(Records from a dataset)

__________

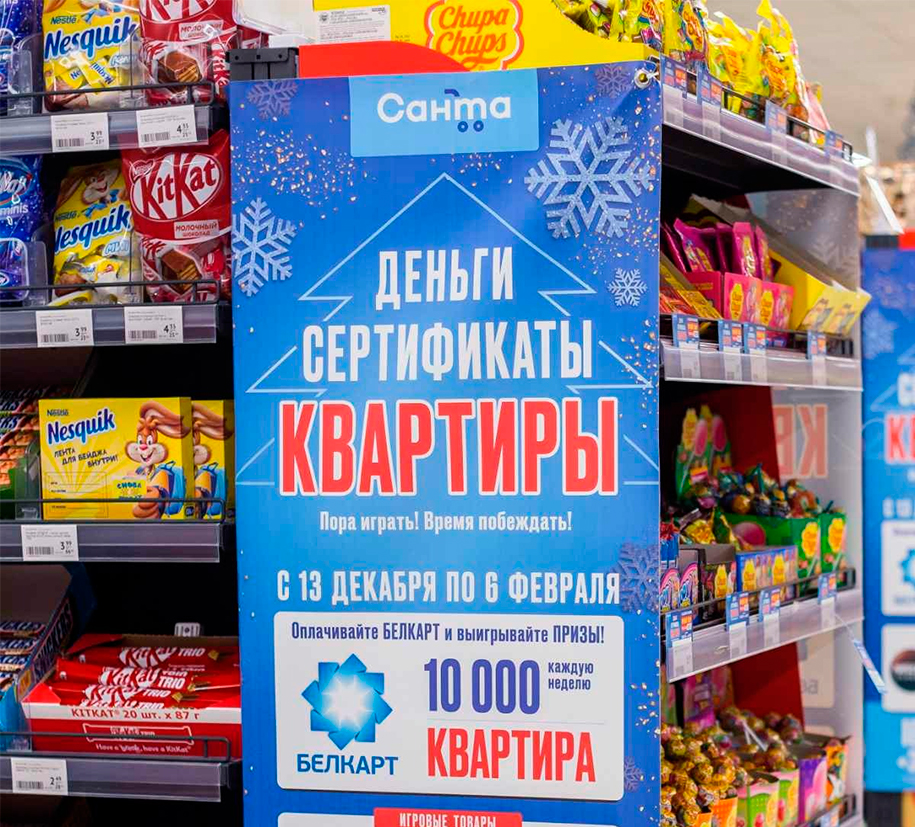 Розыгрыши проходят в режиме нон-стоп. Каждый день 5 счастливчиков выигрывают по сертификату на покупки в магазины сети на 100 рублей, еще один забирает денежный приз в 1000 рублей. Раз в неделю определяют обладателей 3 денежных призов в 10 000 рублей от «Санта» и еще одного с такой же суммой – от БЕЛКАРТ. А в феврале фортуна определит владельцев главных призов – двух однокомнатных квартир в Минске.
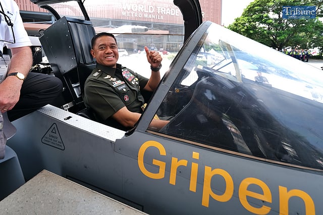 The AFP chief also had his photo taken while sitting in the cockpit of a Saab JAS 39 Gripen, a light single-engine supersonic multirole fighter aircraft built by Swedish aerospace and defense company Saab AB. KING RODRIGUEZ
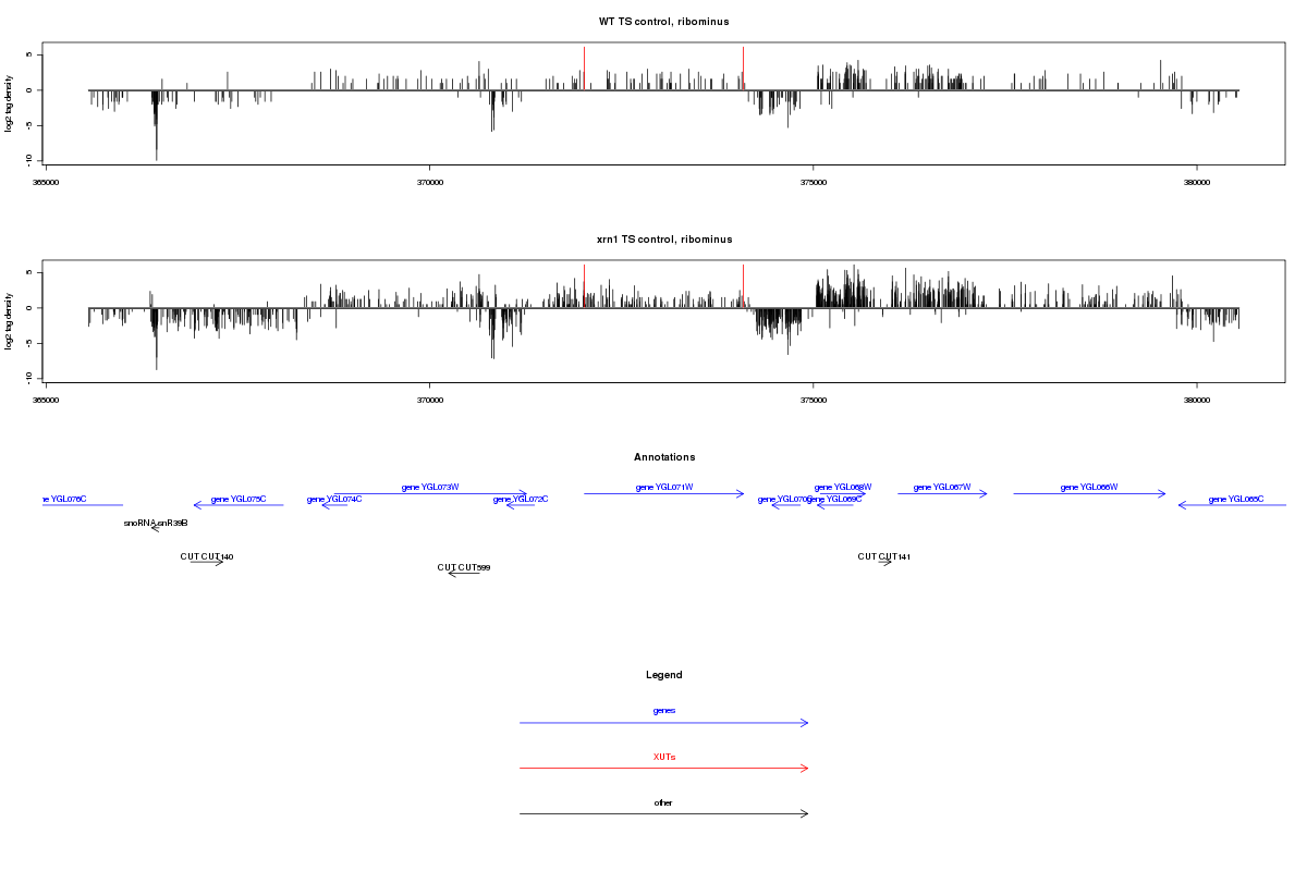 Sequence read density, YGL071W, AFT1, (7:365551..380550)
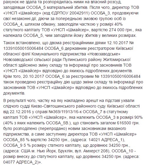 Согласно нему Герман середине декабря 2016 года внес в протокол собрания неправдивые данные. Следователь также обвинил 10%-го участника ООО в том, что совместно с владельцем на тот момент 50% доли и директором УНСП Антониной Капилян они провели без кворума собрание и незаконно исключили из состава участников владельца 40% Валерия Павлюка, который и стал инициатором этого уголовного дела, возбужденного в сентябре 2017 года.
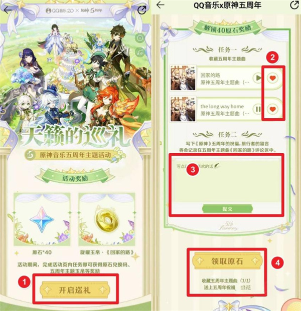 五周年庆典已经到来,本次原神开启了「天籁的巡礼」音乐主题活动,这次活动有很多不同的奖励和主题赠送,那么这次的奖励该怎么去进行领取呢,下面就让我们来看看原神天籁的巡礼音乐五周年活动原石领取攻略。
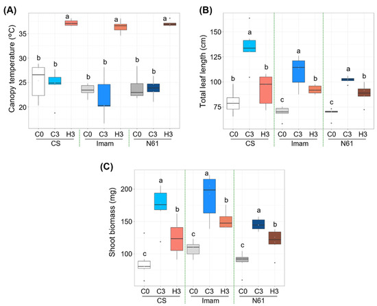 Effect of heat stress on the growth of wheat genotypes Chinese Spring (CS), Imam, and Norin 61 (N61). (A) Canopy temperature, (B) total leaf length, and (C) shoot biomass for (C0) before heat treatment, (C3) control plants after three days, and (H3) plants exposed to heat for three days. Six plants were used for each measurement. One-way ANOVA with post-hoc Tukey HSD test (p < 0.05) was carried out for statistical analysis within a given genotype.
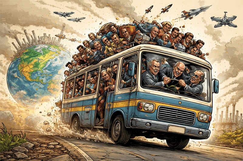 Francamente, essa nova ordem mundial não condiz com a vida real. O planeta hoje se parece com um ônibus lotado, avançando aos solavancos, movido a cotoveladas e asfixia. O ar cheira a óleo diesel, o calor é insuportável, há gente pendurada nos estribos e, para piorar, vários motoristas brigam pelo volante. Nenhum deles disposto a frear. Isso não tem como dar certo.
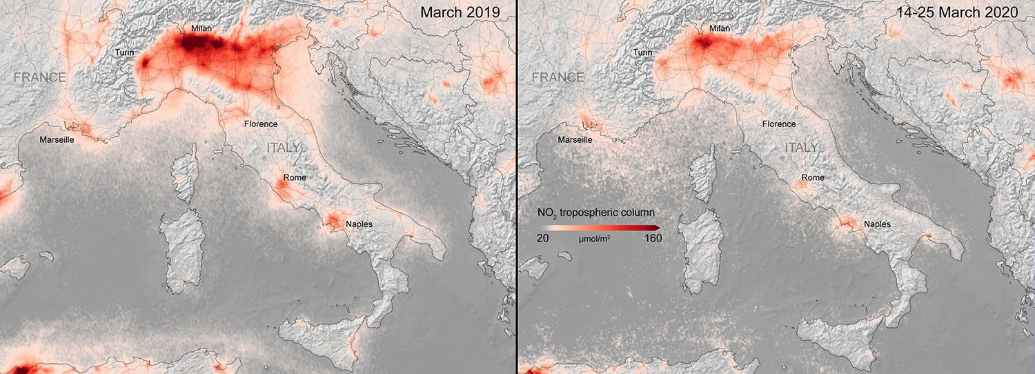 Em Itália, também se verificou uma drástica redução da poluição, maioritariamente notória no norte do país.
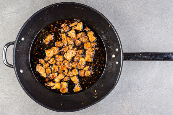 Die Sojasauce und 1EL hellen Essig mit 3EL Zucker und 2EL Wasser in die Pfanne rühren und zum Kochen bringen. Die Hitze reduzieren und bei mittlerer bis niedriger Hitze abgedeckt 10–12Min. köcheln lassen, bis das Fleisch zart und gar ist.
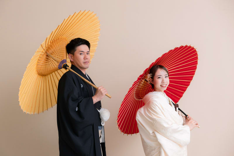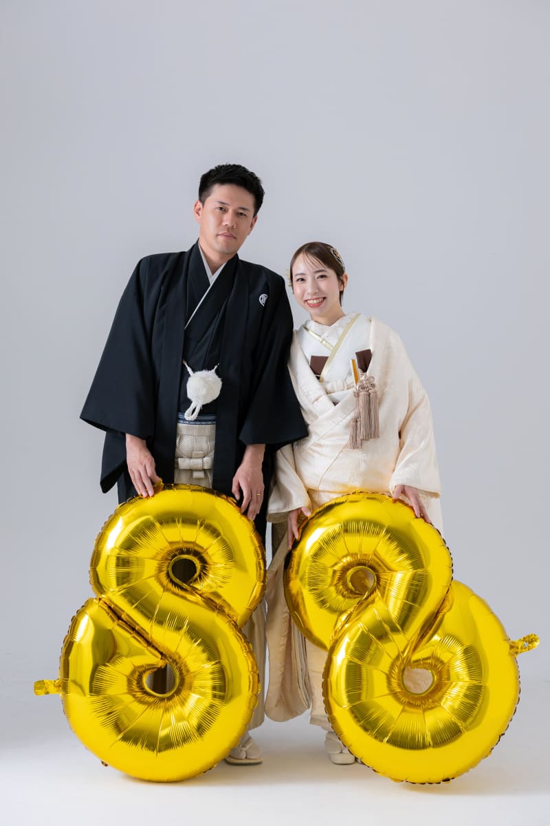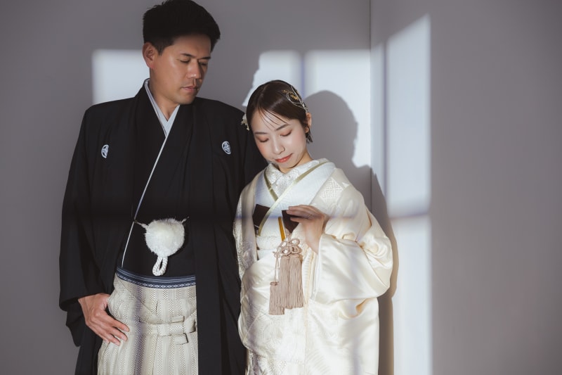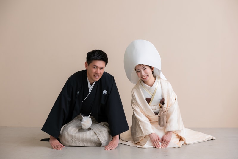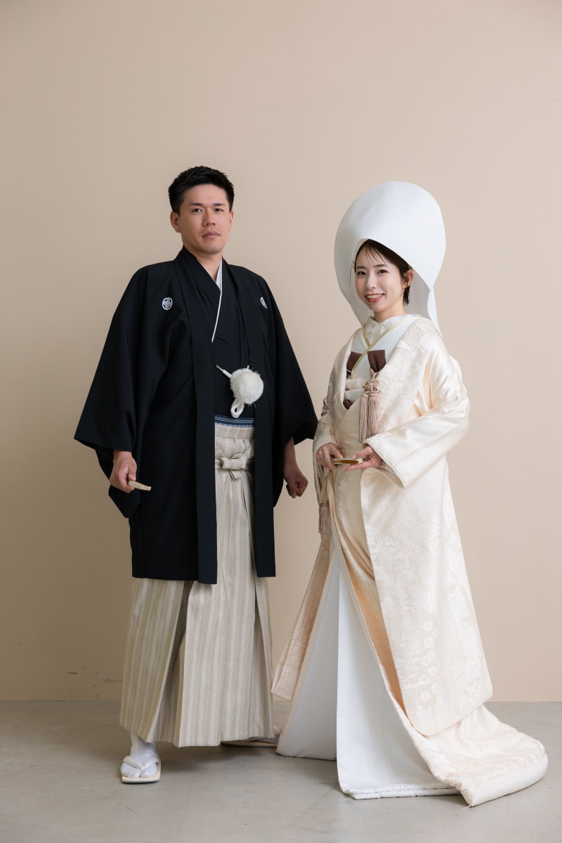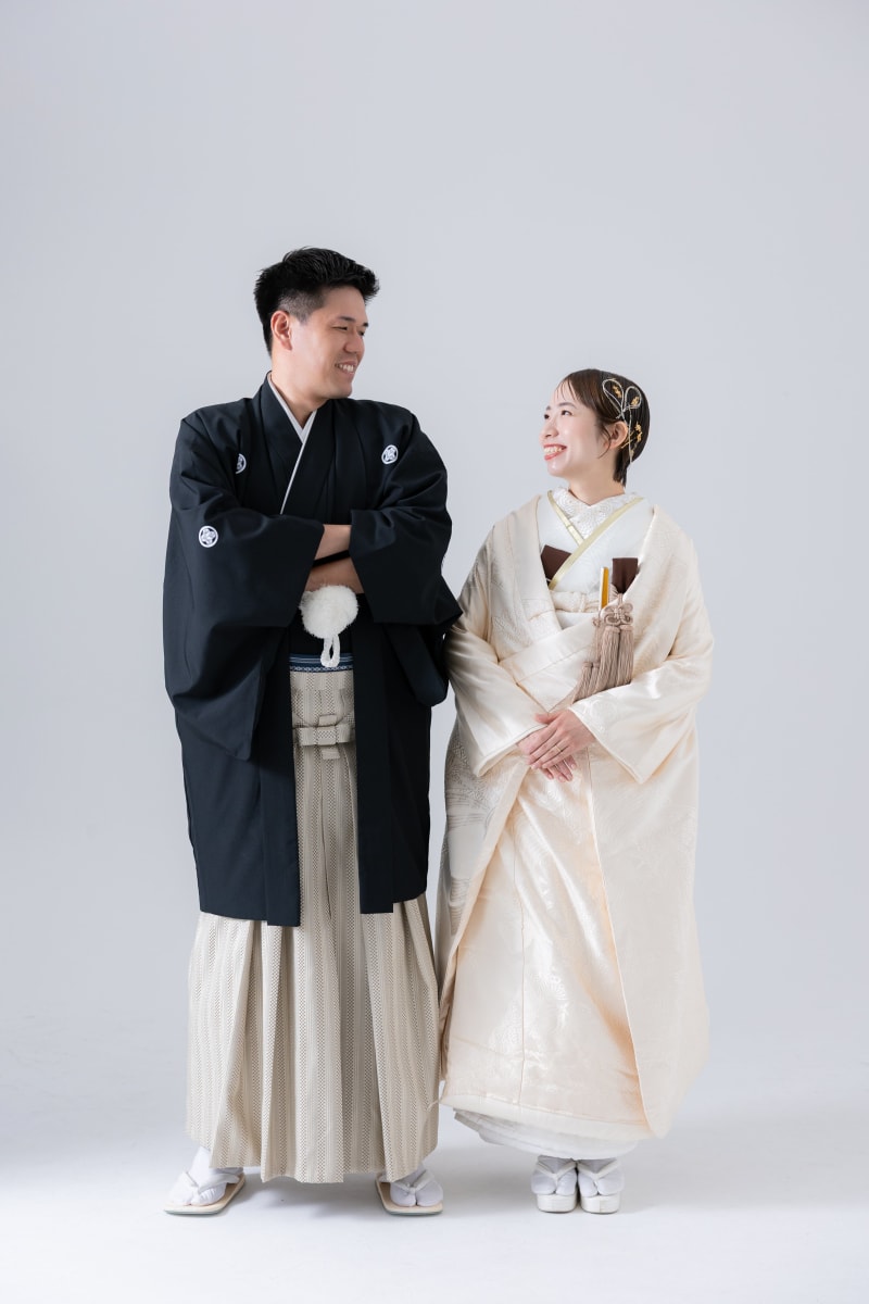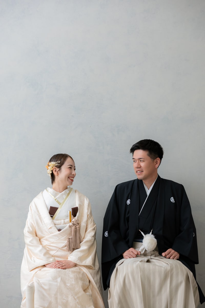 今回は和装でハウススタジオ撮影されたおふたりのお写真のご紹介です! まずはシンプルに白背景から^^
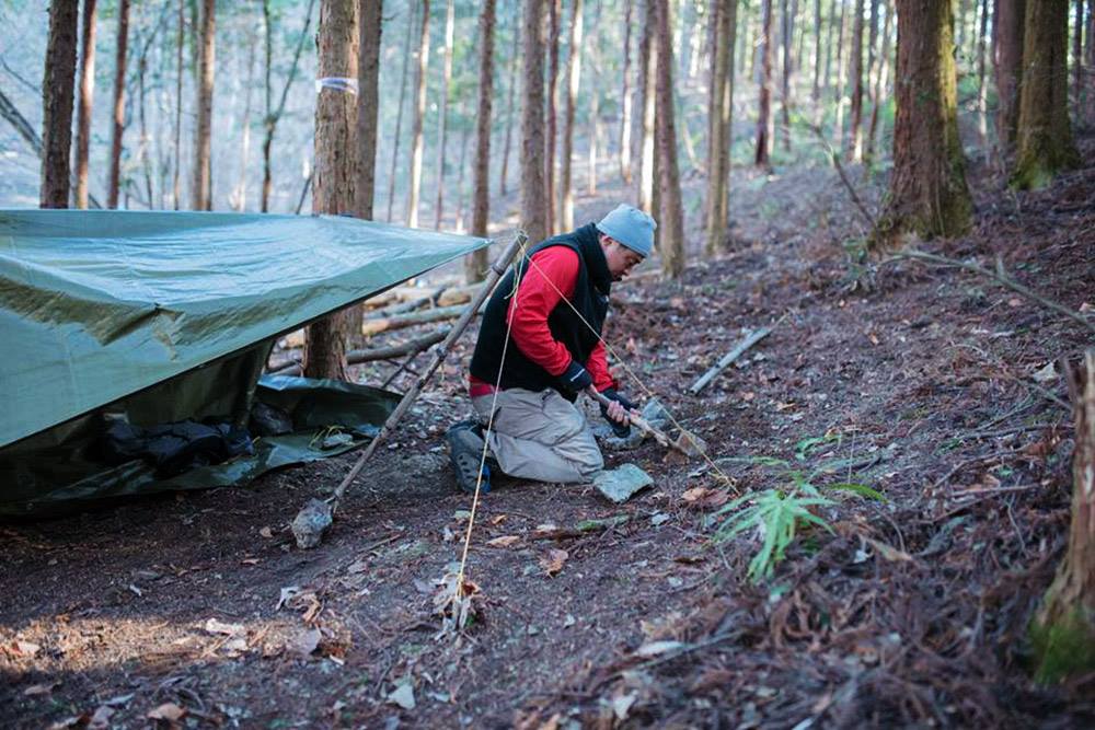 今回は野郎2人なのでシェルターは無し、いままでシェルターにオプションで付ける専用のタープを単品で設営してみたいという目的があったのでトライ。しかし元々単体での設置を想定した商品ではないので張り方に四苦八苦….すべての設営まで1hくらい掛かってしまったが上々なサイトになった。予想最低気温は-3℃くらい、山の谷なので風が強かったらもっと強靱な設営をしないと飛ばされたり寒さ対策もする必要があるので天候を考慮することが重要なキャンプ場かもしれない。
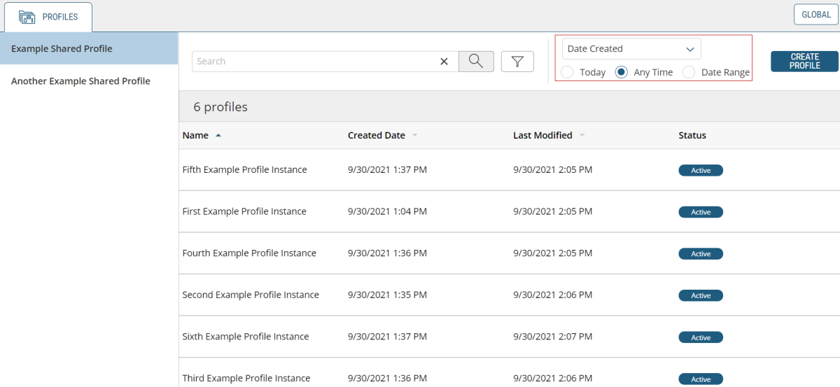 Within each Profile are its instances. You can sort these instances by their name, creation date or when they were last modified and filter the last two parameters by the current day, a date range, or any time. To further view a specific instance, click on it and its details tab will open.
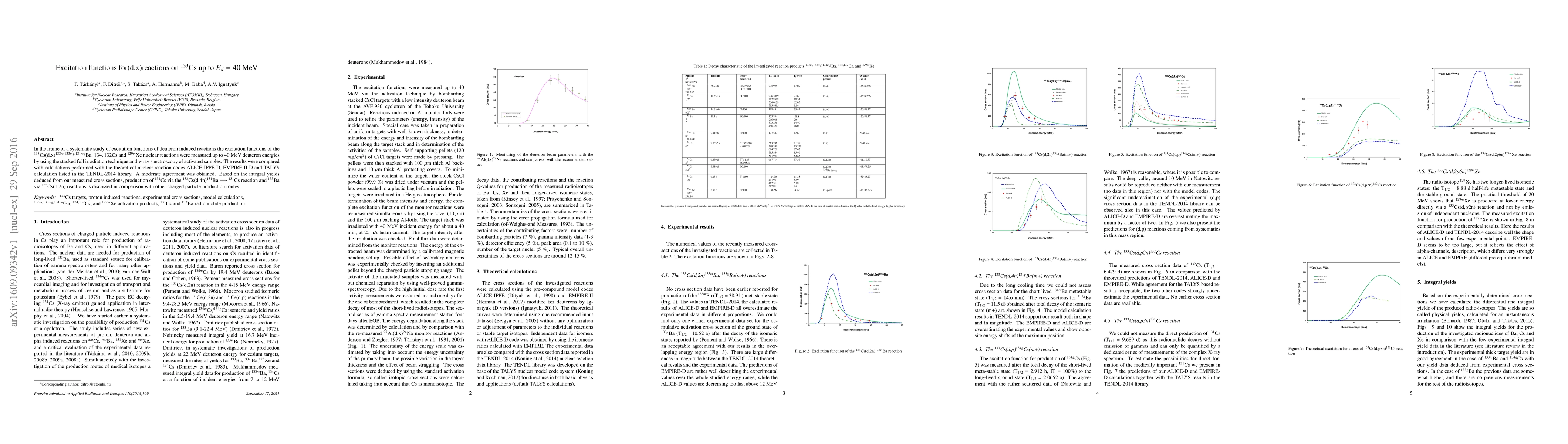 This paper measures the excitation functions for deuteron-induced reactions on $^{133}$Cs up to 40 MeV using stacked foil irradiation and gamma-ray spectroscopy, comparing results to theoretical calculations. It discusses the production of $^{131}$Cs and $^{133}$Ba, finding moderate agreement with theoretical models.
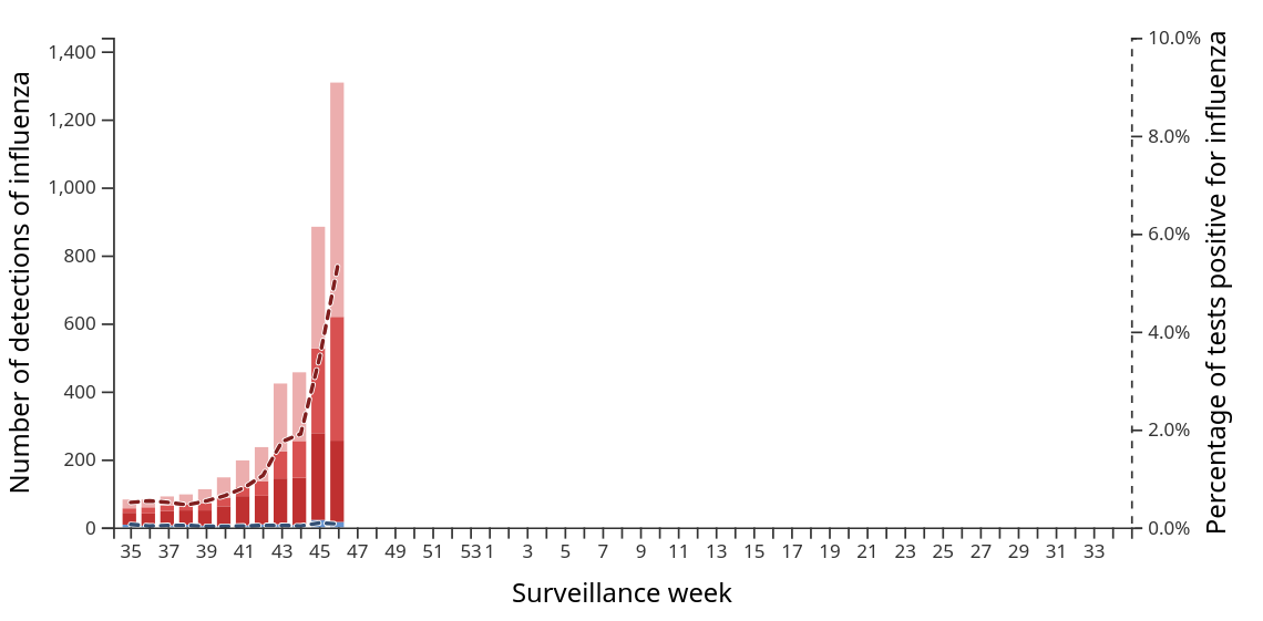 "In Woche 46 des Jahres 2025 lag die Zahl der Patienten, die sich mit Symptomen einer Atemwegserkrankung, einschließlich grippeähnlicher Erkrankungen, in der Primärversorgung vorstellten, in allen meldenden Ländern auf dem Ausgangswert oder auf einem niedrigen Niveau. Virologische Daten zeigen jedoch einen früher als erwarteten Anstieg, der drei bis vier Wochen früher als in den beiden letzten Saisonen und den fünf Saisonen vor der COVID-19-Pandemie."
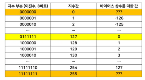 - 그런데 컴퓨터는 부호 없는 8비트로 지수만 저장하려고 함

__________

Task directions → No pictures should appear in the copy, which holds exactly the lines from the first line of the data through the line with "五周年庆典已经到来,本次原神" and nothing else.

Solution to this problem →
 Розыгрыши проходят в режиме нон-стоп. Каждый день 5 счастливчиков выигрывают по сертификату на покупки в магазины сети на 100 рублей, еще один забирает денежный приз в 1000 рублей. Раз в неделю определяют обладателей 3 денежных призов в 10 000 рублей от «Санта» и еще одного с такой же суммой – от БЕЛКАРТ. А в феврале фортуна определит владельцев главных призов – двух однокомнатных квартир в Минске.
 The AFP chief also had his photo taken while sitting in the cockpit of a Saab JAS 39 Gripen, a light single-engine supersonic multirole fighter aircraft built by Swedish aerospace and defense company Saab AB. KING RODRIGUEZ
 Sequence read density, YGL071W, AFT1, (7:365551..380550)
 Согласно нему Герман середине декабря 2016 года внес в протокол собрания неправдивые данные. Следователь также обвинил 10%-го участника ООО в том, что совместно с владельцем на тот момент 50% доли и директором УНСП Антониной Капилян они провели без кворума собрание и незаконно исключили из состава участников владельца 40% Валерия Павлюка, который и стал инициатором этого уголовного дела, возбужденного в сентябре 2017 года.
 五周年庆典已经到来,本次原神开启了「天籁的巡礼」音乐主题活动,这次活动有很多不同的奖励和主题赠送,那么这次的奖励该怎么去进行领取呢,下面就让我们来看看原神天籁的巡礼音乐五周年活动原石领取攻略。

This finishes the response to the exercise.